Perfect for busy weeknights is this Black Pepper Tofu Stir Fry. Im here to break down the belief that tofu is bland and boring.. I promise you this tofu is anything but that!! Quickly cooked tofu tossed in a sweet, tangy, and spicy black pepper sauce with plenty of bell peppers, serrano peppers, and basil. Serve this tofu over fluffy white rice. Every bite is saucy, sweet, spicy, and perfectly seasoned with basil and it was gone by the end of the night ;) It’s delicious and healthy! Give this a try, it won’t disappoint!!

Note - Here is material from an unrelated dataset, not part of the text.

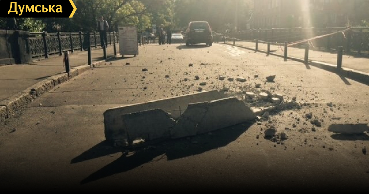 Щас все расскажу! Это случилось прямо у меня на глазах. Молодой парень, говорит просто не увидел блок из-за яркого солнца, бьющего прямо в глаза. Действительно, если в это время подниматься по Бунина в сторону Канатной солнце сильно слепит. Если еще лобовое стекло не очень чистое — вообще ничего не видно. Парень, видно давно тут не ездил, но зачем было гнать? Разбил сильно: переднего бампера нет, оторвало напрочь, радиатор пробил. Ругался сильно, что не оградили как следует.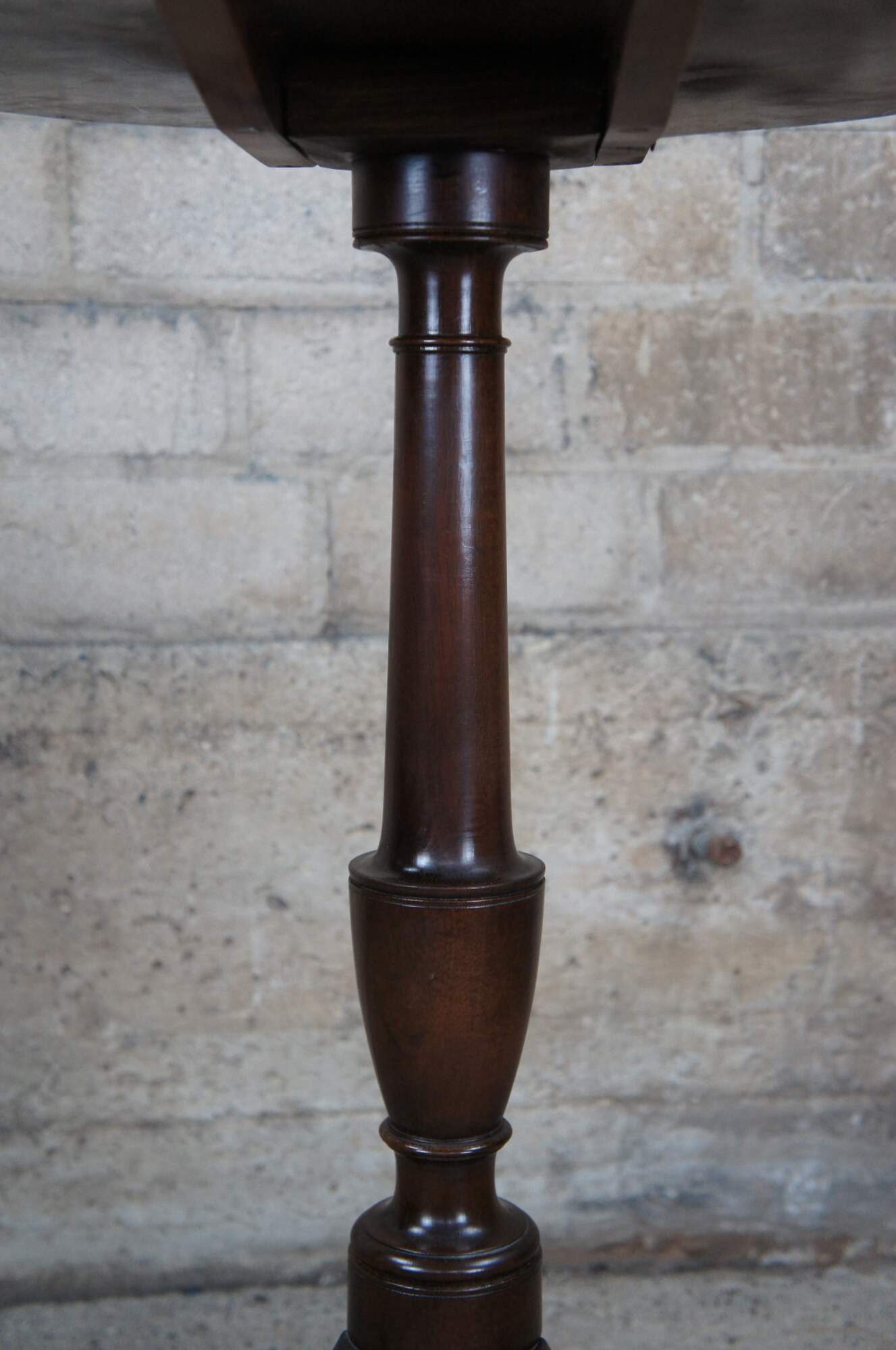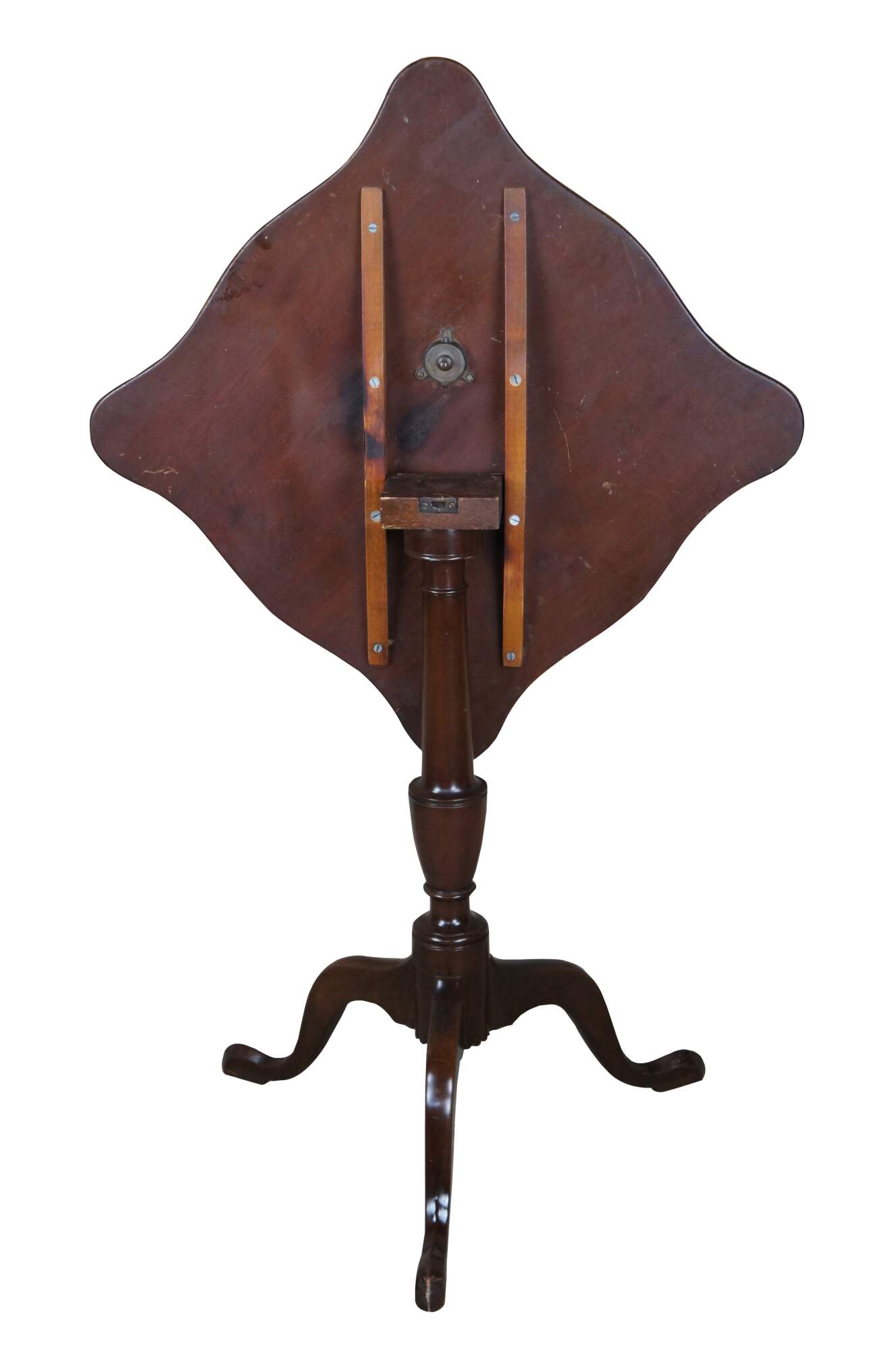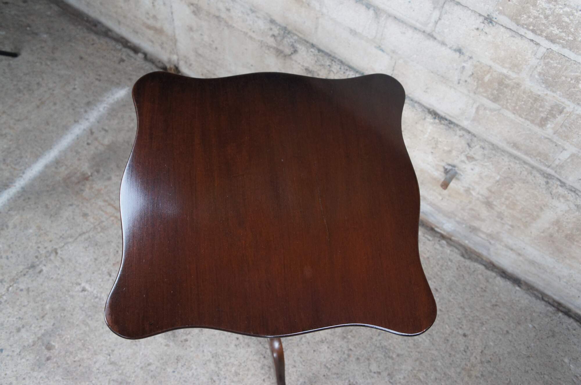 A Federal style mahogany candlestand by Kittinger, circa 1970s. Williamburg Restoration Line. Features a rectangular top with serpentine edge over a baluster turned base with cabriole legs leading to pad feet.

Black Pepper Basil Tofu Stir Fry
- 1 (18 oz) package of extra firm tofu
- 1 tbsp cassava flour
- 1 tsp group turmeric
- 1 tsp ground ginger
- 1 to 2 tsp black pepper
- 2 tbsp sesame oil
- 1/4 coconut aminos
- 2 tbsp maple syrup
- 2 tbsp red wine vinegar
- 1 roasted serrano pepper, minced
- 3 cloves of garlic, minced
- 2 bell peppers, thinly sliced
- 1 medium shallot, thinly sliced
- 1 cup fresh basil, chopped
Start by slicing the tofu block in half down the middle and press it for at least 30 minutes to get the water out. After this, chop the tofu into 1/2 inch squares. In a medium bowl, toss together the tofu, cassava flour, turmeric, ginger, and black pepper. In a liquid measuring cup, combine the maple syrup, coconut aminos, vinegar, minced pepper and garlic, and 1/4 cup water. Then, heat the oil in a large skillet over medium heat. Add the bell peppers and shallots, cook 2-3 minutes, until the peppers are charring. Stir in the tofu, tossing to combine with the peppers, cook 2 minutes. Pour in the syrup/aminos mix. Bring the sauce to a boil over medium-high heat and cook until the sauce coats the tofu, about 5 minutes. Remove from the heat and stir in the basil. Serve the tofu and sauce over bowls of fluffy white rice. Top with plenty of fresh basil and enjoy!